Gini Impurity and Entropy are the metrics used for deciding how to split a Decision Tree.
Gini measurement is the probability of a random sample being classified correctly if you randomly pick a label according to the distribution in the branch.
Entropy is a measurement to calculate the lack of information. You calculate the Information Gain (difference in entropies) by making a split. This measure helps to reduce the uncertainty about the output label.
What is the difference between Entropy and Information Gain?
Entropy is an indicator of how messy your data is. It decreases as you reach closer to the leaf node.
The Information Gain is based on the decrease in entropy after a dataset is split on an attribute. It keeps on increasing as you reach closer to the leaf node.
What is Overfitting? And how do you ensure you’re not overfitting with a model?
Over-fitting occurs when a model studies the training data to such an extent that it negatively influences the performance of the model on new data.
This means that the disturbance in the training data is recorded and learned as concepts by the model. But the problem here is that these concepts do not apply to the testing data and negatively impact the model’s ability to classify the new data, hence reducing the accuracy on the testing data.
Three main methods to avoid overfitting:
Collect more data so that the model can be trained with varied samples.
Use ensembling methods, such as Random Forest. It is based on the idea of bagging, which is used to reduce the variation in the predictions by combining the result of multiple Decision trees on different samples of the data set.
Choose the right algorithm.
Explain Ensemble learning technique in Machine Learning.
Ensemble Learning
Ensemble learning is a technique that is used to create multiple Machine Learning models, which are then combined to produce more accurate results. A general Machine Learning model is built by using the entire training data set. However, in Ensemble Learning the training data set is split into multiple subsets, wherein each subset is used to build a separate model. After the models are trained, they are then combined to predict an outcome in such a way that the variance in the output is reduced.
What is bagging and boosting in Machine Learning?
How would you screen for outliers and what should you do if you find one?
The following methods can be used to screen outliers:
Boxplot: A box plot represents the distribution of the data and its variability. The box plot contains the upper and lower quartiles, so the box basically spans the Inter-Quartile Range (IQR). One of the main reasons why box plots are used is to detect outliers in the data. Since the box plot spans the IQR, it detects the data points that lie outside this range. These data points are nothing but outliers.

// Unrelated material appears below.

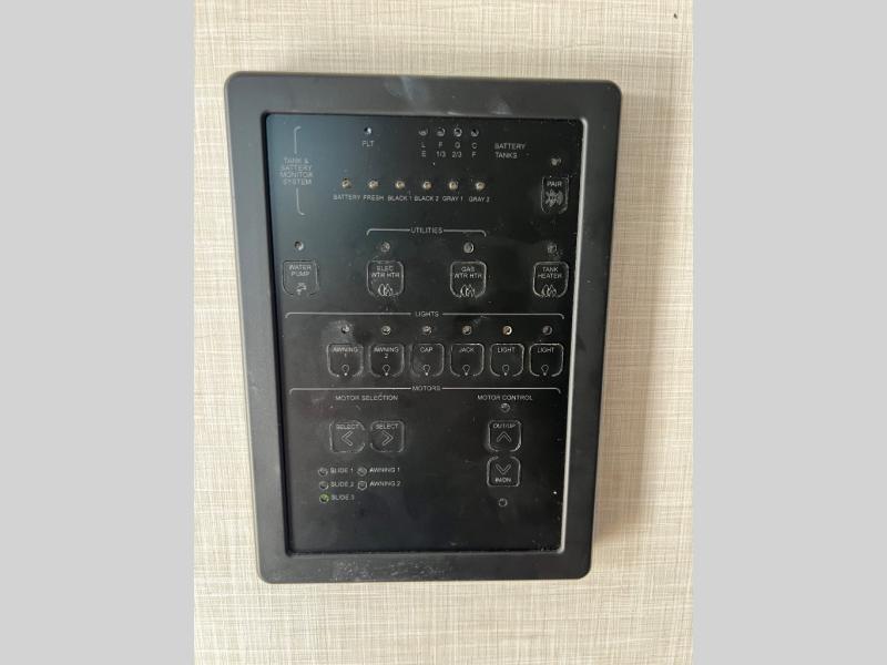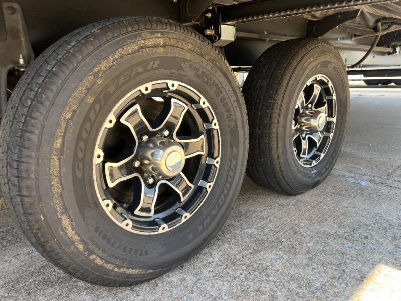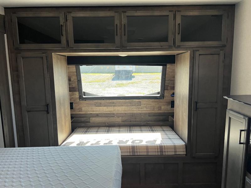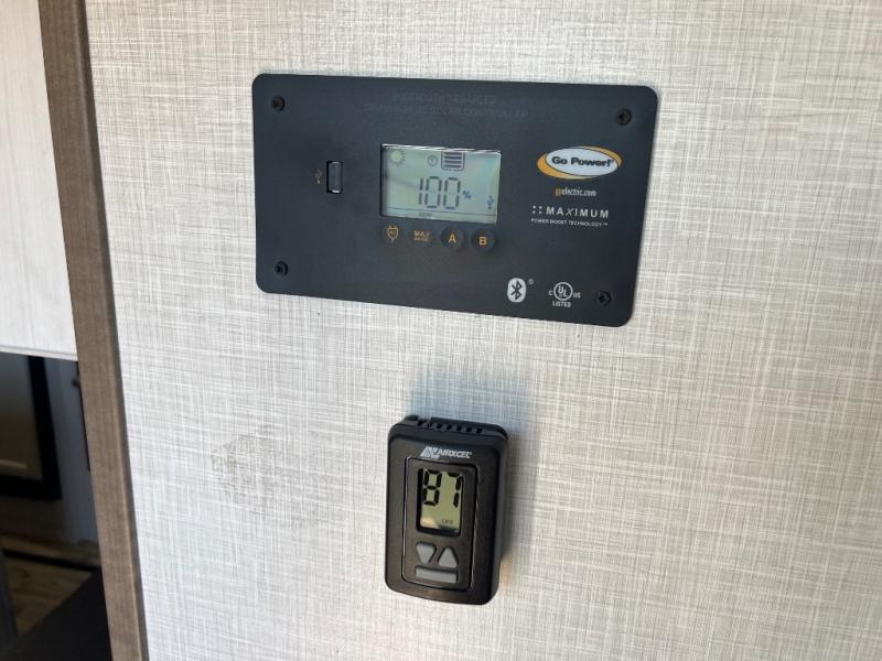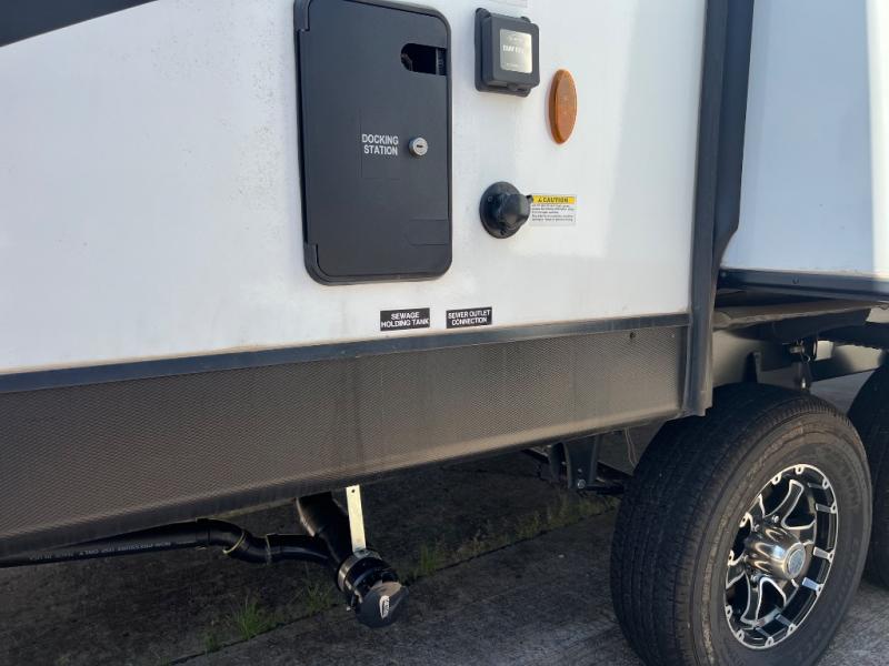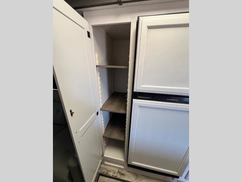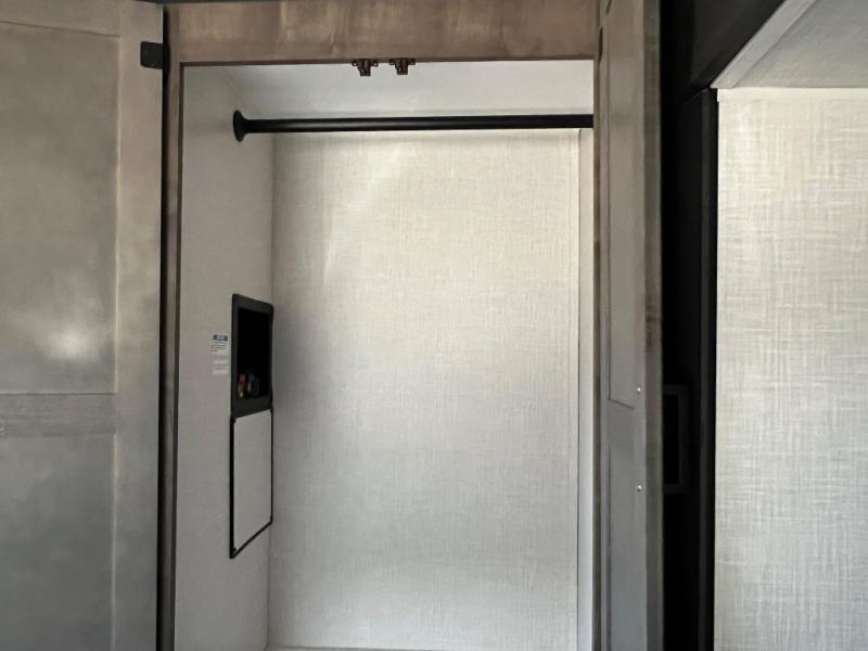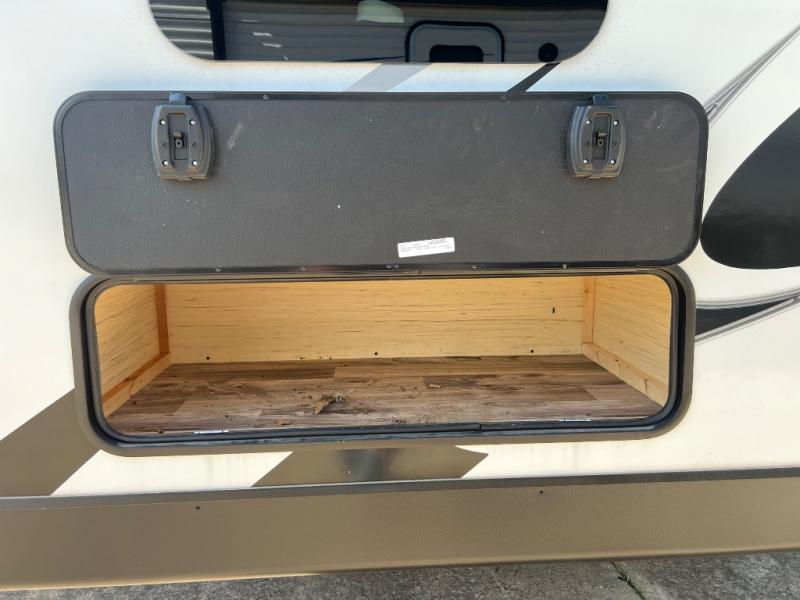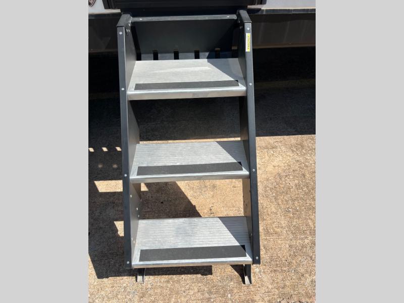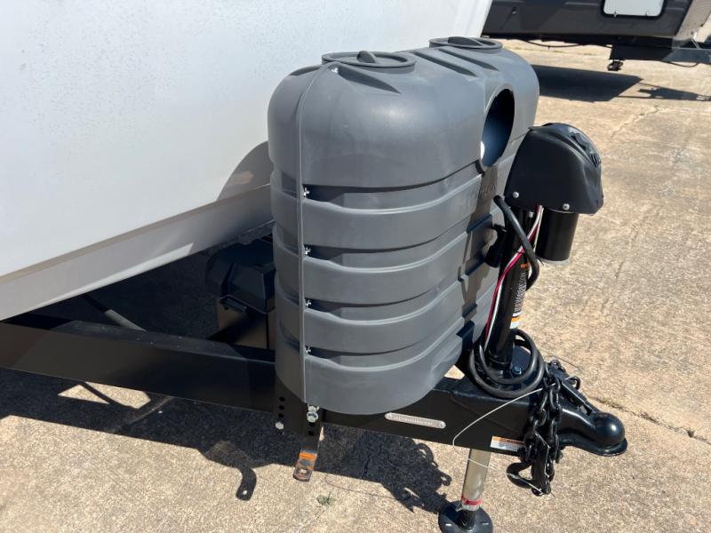 Pack your bags and hitch up this travel trailer for a great weekend camping trip! The front private bedroom has a 70" x 80" Sleep Tight king bed slide to lay your head at night, a dresser with a 30" frameless fireplace, a window seat with shelves on either side for your books, and a wardrobe with washer and dryer prep. Freshen up each morning in the full bathroom with the 30" x 36" shower then head to the kitchen to fry up some eggs on the three burner cooktop and pour a cold glass of orange juice stored in the 10 cu. ft. refrigerator. The kitchen island will make your meal prepping easier and the table and chairs offer a comfortable place to enjoy your meals or play card games. You could even cook your meals at the exterior campfire café and set up a table underneath one of the two power awnings!

Probabilistic and statistical models: Statistical models such as normal distribution and exponential distribution can be used to detect any variations in the distribution of data points. If any data point is found outside the distribution range, it is rendered as an outlier.

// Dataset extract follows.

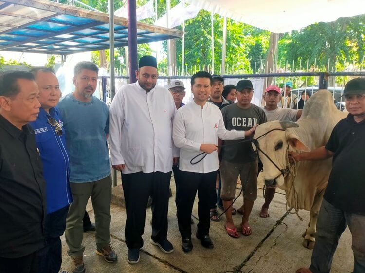 Secara simbolis penyerahan sapi dan kambing dilakukan Ketua DPD Partai Demokrat Jatim Emil Elestianto Dardak, disaksikan Bendahara Umum DPP Partai Demokrat Renville Antonio, Sekretaris DPD Partai Demokrat Jatim Reno Zulkarnen dan Bendahara Umum DPD Partai Demokrat Jatim Dr. Agung Mulyono.
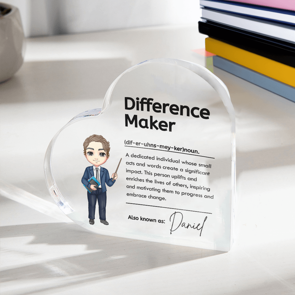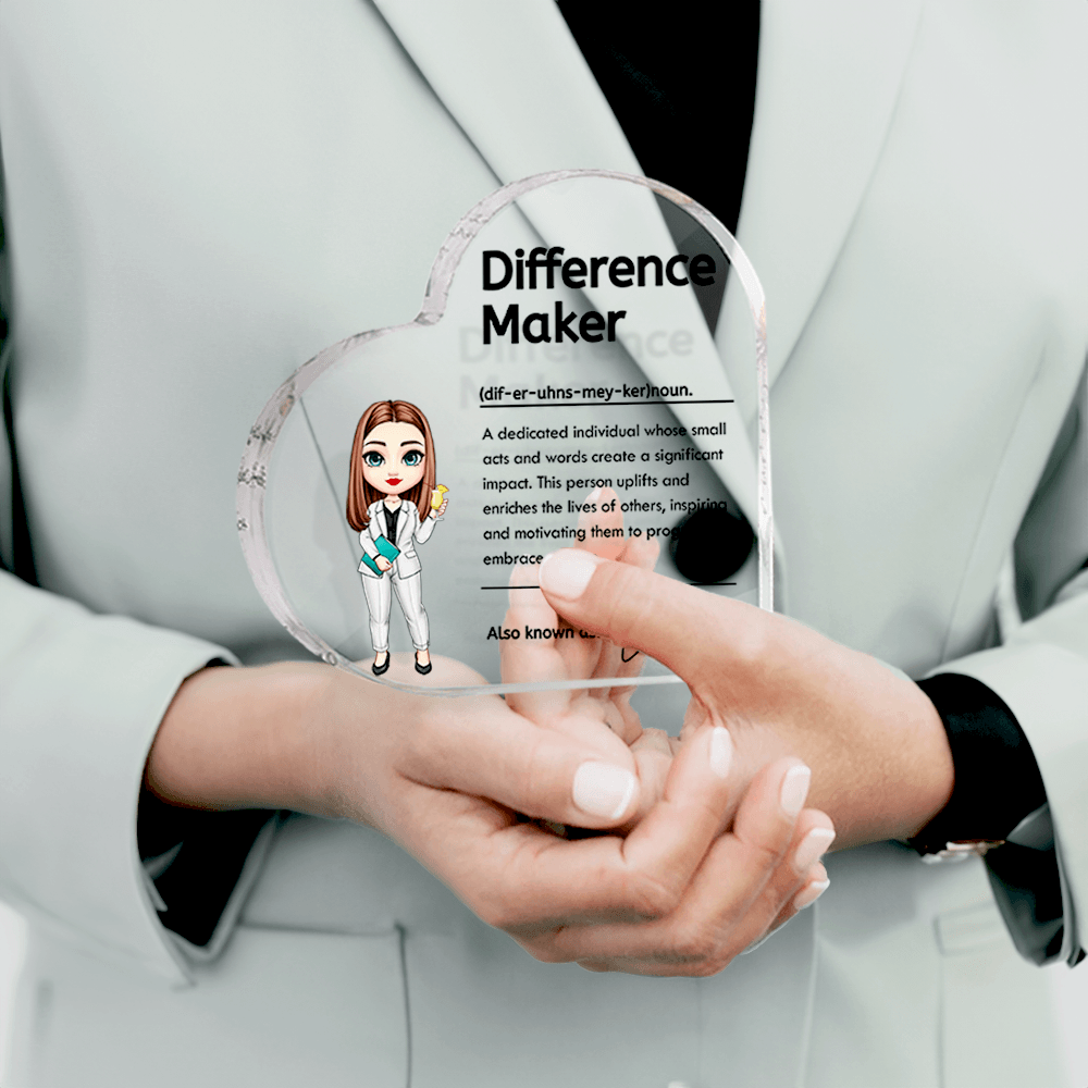 The design of this acrylic plaque focuses on an eye-catching title "Difference Maker" and the definition explanation that follows it refers to those people who create a positive impact through their actions. With a cute heart shape, you can customize your cartoon character image and name on the surface of this plaque, adding a warm and unique atmosphere.

Linear models: Linear models such as logistic regression can be trained to flag outliers. In this manner, the model picks up the next outlier it sees.
Proximity-based models: An example of this kind of model is the K-means clustering model wherein, data points form multiple or ‘k’ number of clusters based on features such as similarity or distance. Since similar data points form clusters, the outliers also form their own cluster. In this way, proximity-based models can easily help detect outliers.
How do you handle these outliers?
If your data set is huge and rich then you can risk dropping the outliers.
However, if your data set is small then you can cap the outliers, by setting a threshold percentile. For example, the data points that are above the 95th percentile can be used to cap the outliers.
Lastly, based on the data exploration stage, you can narrow down some rules and impute the outliers based on those business rules.
What are collinearity and multicollinearity?
Collinearity occurs when two predictor variables (e.g., x1 and x2) in a multiple regression have some correlation.
Multicollinearity occurs when more than two predictor variables (e.g., x1, x2, and x3) are inter-correlated.